In that case, it would likely still choose to use the index to find rows where a = 1, and then scan all of those identified rows for only those with c = 6.
You can visualize a multi-column index as a multidimensional array. Without a known value or range you need to match for the first column (a), the values for the second column (b) are a meaningless, unordered jumble of data, because they're sorted in "groups of 'a'"... you'd have to iterate through every "a" to find the matching "b" values, and iterate through every "a,b" to find the matching "c" values. Since, in the example above, the "b" value is "anything" since it isn't specified, the ordering of the "c" values is meaningless and inaccessible for optimizing the query (although when every column within the SELECT list is available within a single index, the optimizer may scan the index instead of scanning the whole table, treating it as a "covering index," which is generally better than a full table scan but still suboptimal).
If your WHERE clause includes two columns both of which are indexed individually, the optimizer will check the index statistics and try to use the one that is most likely to produce the fewest matches... if "a" and "c" each have an individual index, and the index stats indicate that there are many values for "c" (high cardinality) but only a few values for "a" (low cardinality) the optimizer will typically use the index on "c" to find matching rows, then scan all of those rows for the requested values of "a".
Or, it may try to use the union of the two indexes, to precisely identify which rows satisfy both conditions.
Neither of these strategies is optimal, either, but still far better than a full table scan, so itdoes suggest that you should -- at a minimum -- have every independently-searchable column as the leftmost column in an index... that is, any column that can be queried on its own, with no other columns in the WHERE clause, and return a reasonably-sized result-set. If the result-set will not be reasonable in size, you may wish to restrict the user to searching on additional attributes, in the application.

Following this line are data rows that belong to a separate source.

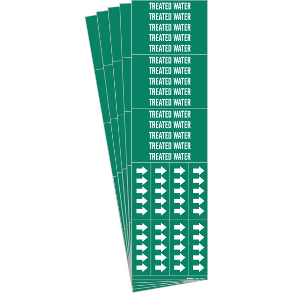 TREATED WATER Pipe Marker Style 3C with Arrows White on Green 3 per Card, 5 PK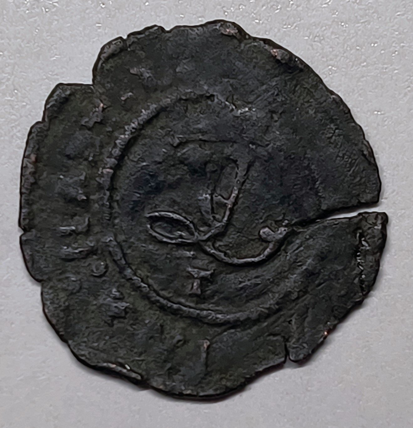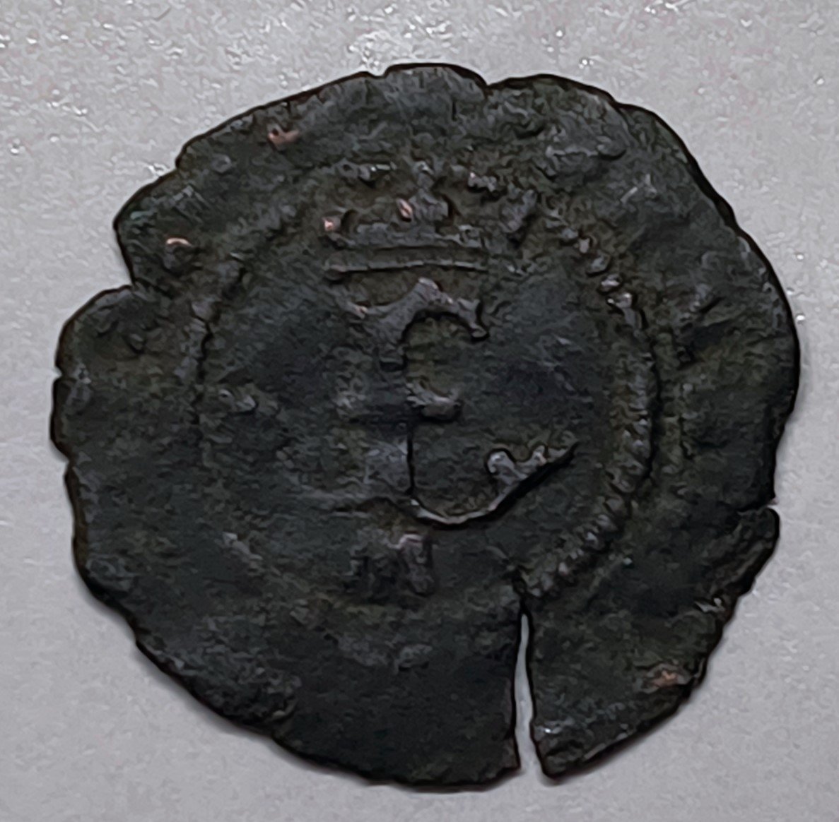 Catalogada como Calicó 2429, esta moneda presenta la sigla «M» correspondiente al ensayador. A pesar de una ligera oxidación limpiada y una grieta natural de cospel, la pieza conserva una legibilidad notable en sus motivos centrales, calificándose como Casi BC+. Con un peso de 0,89 g, es un ejemplar honesto y auténtico de la moneda fraccionaria que circuló durante el Descubrimiento de América.
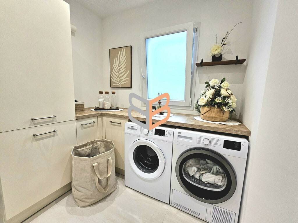 -Une vaste pièce de vie de 57 m2 baignée de lumière avec cuisine équipée et plan de travail en ceramique fine. -La cuisine dispose d’un cellier astucieusement dissimulé derrière des façades identiques aux meubles de cuisine. Cet espace offre des rangements supplémentaires -un toilette -3 chambres: une de 18m2 et 2 de12.5m2. (les lits et dressing restent). -une salle de bain de 10m2 avec douche italienne, meuble vasque et baignoire -une buanderie aménagée (la machine à laver et le sèche linge restent).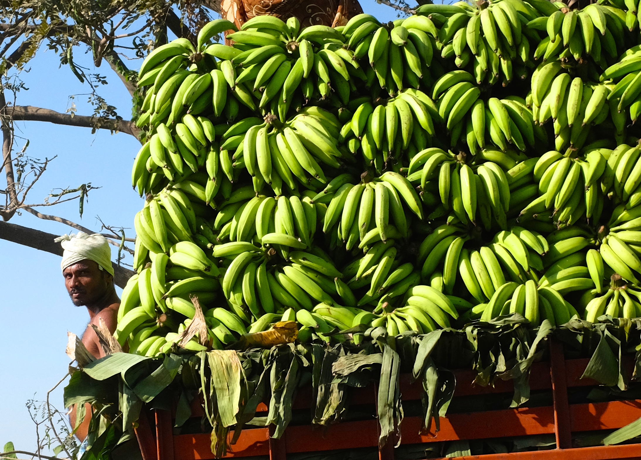 Freshly harvested bananas near Kallanai Dam in the Kaveri River, Tiruchirappalli District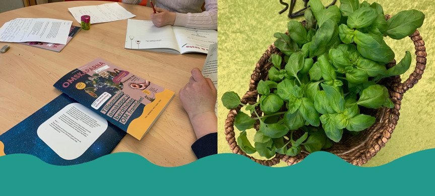 Vi låtsades att en basilikaväxt var jordens alla resurser. Om vi säger att basilikan var alla jordens resurser och vi skulle bjuda en massa kompisar på världens största middag då skulle det inte räcka till nästa dag. Vi fick ta ett basilikablad var och då fanns det väldigt mycket kvar. Vi tyckte det var kul och förstod vad som menades. Basilikan överlevde och vi kan plocka lite varje dag nu. Det gäller att inte ta mer än man behöver!

In the case of WHERE category = 'x' AND price < 100 AND price > 20 the better index would be (category,price) and not (price,category) but this is not because of the ordering of expressions in the WHERE clause. It is because category is an equality test, but price is a range. WHERE price < 100 AND price > 20 AND category ='x' is equivalent, and (category,price) is still the appropriate index -- because indexes are sorted by the first column, then within each value for the first column, they are sorted by the values of the second column, then within each (first,second) pair they are sorted by the values in the third column, ad infinitum... so with (category,price) the server goes directly to all of the rows for category = 'x' and within that grouping in the index, the referenced rows are already sorted by price, so it only has to select the range of price within the category 'x' of the index. Optimal. The (price,category) index requires checking all the prices in the range, and then checing the category value for all of those. The index could still be used, but depending on the criteria, the optimizer could still opt to scan the whole table.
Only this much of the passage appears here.